Learn all about these mammoth forces of nature!
A tsunami (soo-NAH-mee) is one of the world’s most powerful and destructive natural forces.
They can speed across the ocean as fast as a jet plane, swallow up islands and wipe out villages.
But what causes tsuamis…? Join National Geographic Kids and dive into our tsunami facts to find out!
What causes a tsunami?
Meaning “great harbour wave” in Japanese, tsunamis are sometimes called “tidal waves” but their strength has nothing to do with the tides. About four out of five tsunamis happen within the Ring Of Fire, a zone in the Pacific Ocean where earthquakes and volcanic eruptions frequently take place.

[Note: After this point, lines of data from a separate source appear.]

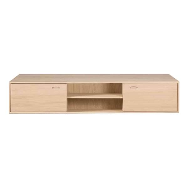 Reolen er designet til vægmontering, men kan også leveres med ben, hvis du ønsker en fritstående løsning.
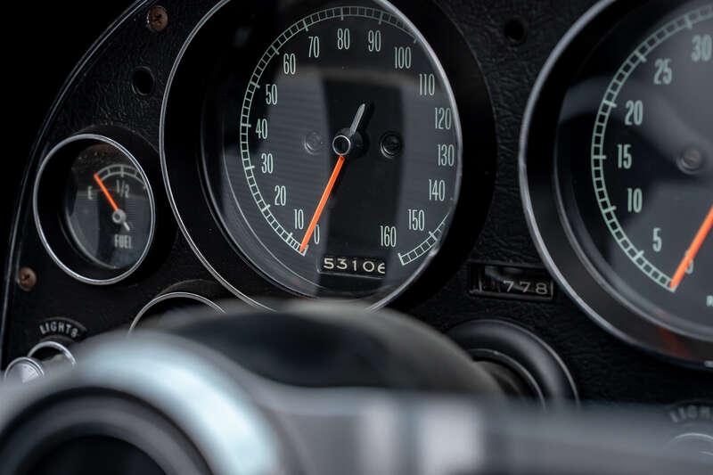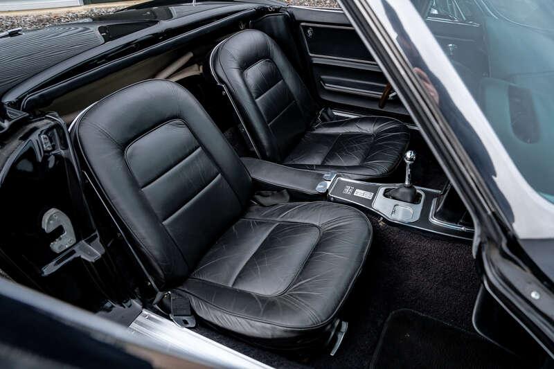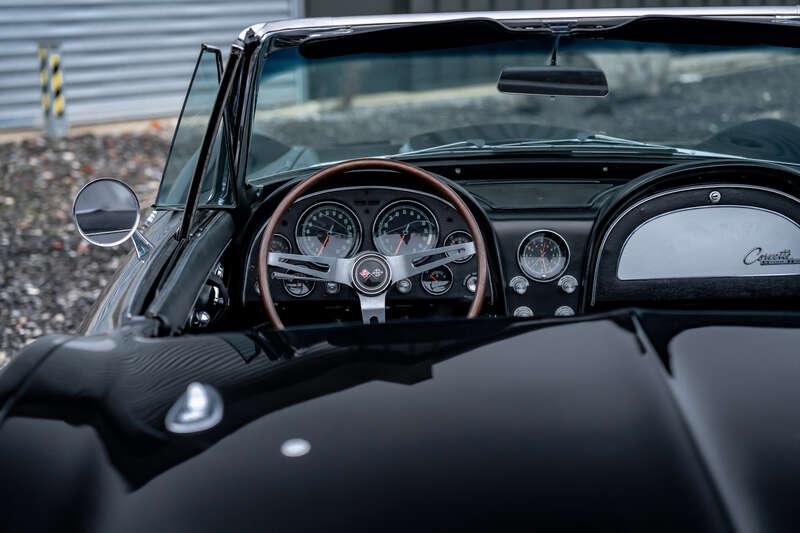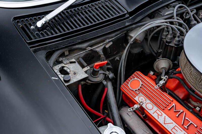 This C2 Sting Ray Convertible was built in December 1965 in the St Louis factory, finished in Tuxedo Black over a black interior and as a 1965 model, benefited from the introduction of 4-pot Kelsey Hayes ventilated discs all round. The specification is impressive and includes a 327ci 350bhp V8 (HV suffix) mated to a 4-speed manual transmission, Positractraction (LSD) axle, teak wood telescopic steering wheel, and a factory-supplied hard top.
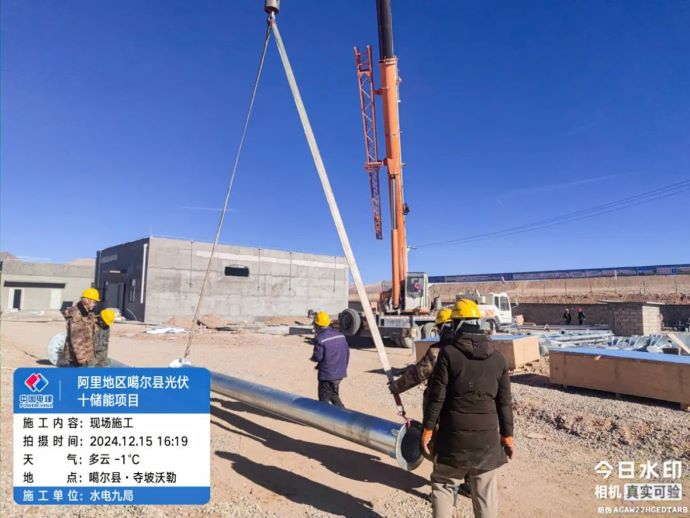 ▲噶爾光伏發(fā)電項(xiàng)目,現(xiàn)場(chǎng)施工人員開展避雷針吊裝作業(yè)。
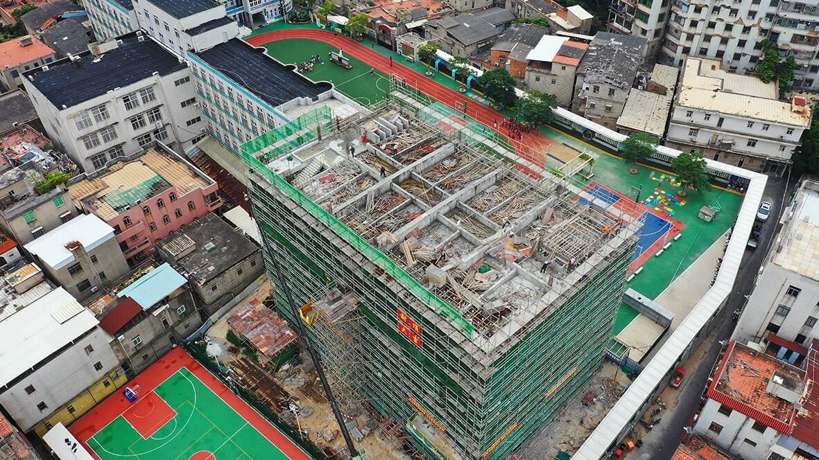 近日,随着6层顶板最后一方水泥混凝土浇筑到位,新湖中心小学扩建项目正式封顶!
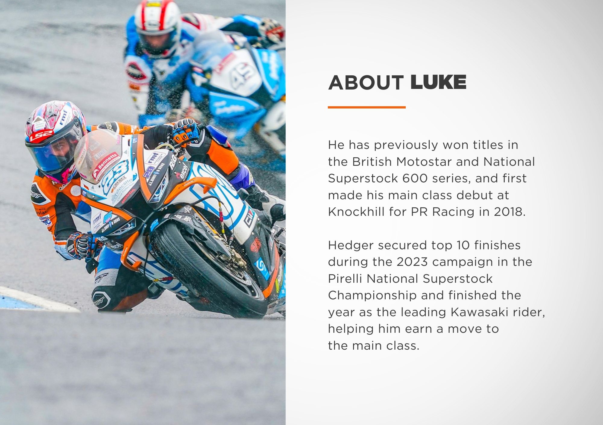 Hedger secured top 10 finishes during the 2023 campaign in the Pirelli National Superstock Championship and finished the year as the leading Kawasaki rider, helping him secure a move to the main class.

Giant slabs of the Earth’s crust, called tectonic plates, grind together. Sometimes, though, the plates get stuck, the pressure builds up and they suddenly slam into a new position. This causes an earthquake. If an earthquake lifts or drops part of the ocean floor, the water above rises and starts spreading across the ocean, causing a tsunami. Underwater landslides or volcanic eruptions can also displace water (cause water to spread across the ocean) and may lead to a tsunami.
How big is a tsunami?
Out in the open ocean, tsunami waves are only about one-metre high because the water is deep. However, as the water becomes shallow, the waves slow down and begin to grow. They can rise 35m or higher – that’s the same as a 10-floor block of flats! However, the scariest thing about a tsunami is its wavelength, as this determines how far inland it can travel. Whereas a large wave caused by a storm might have a wavelength of up to 150m, a tsunami could reach up to a fearsome 1,000km!
How fast is a tsunami?
A normal wind wave travels at about 90kmh, but a tsunami can race across the ocean at an incredible 970kmh! Sometimes, before a tsunami hits, there is a huge vacuum effect, sucking water from harbours and beaches. People can see the ocean floor littered with flopping fish and other sea animals. Then a wave blasts onto the shore minutes later, then another and another for two hours or more. There may also be up to one hour between each wave.
Can you predict when a tsunami is coming?
To save lives, scientists established the Pacific Tsunami Warning System, based in Hawaii, in the USA. Its network of detectors can track quakes that may cause a tsunami. These waves can race from one side of the Pacific Ocean to the other in less than a day, so people need to be warned in time to head for higher ground!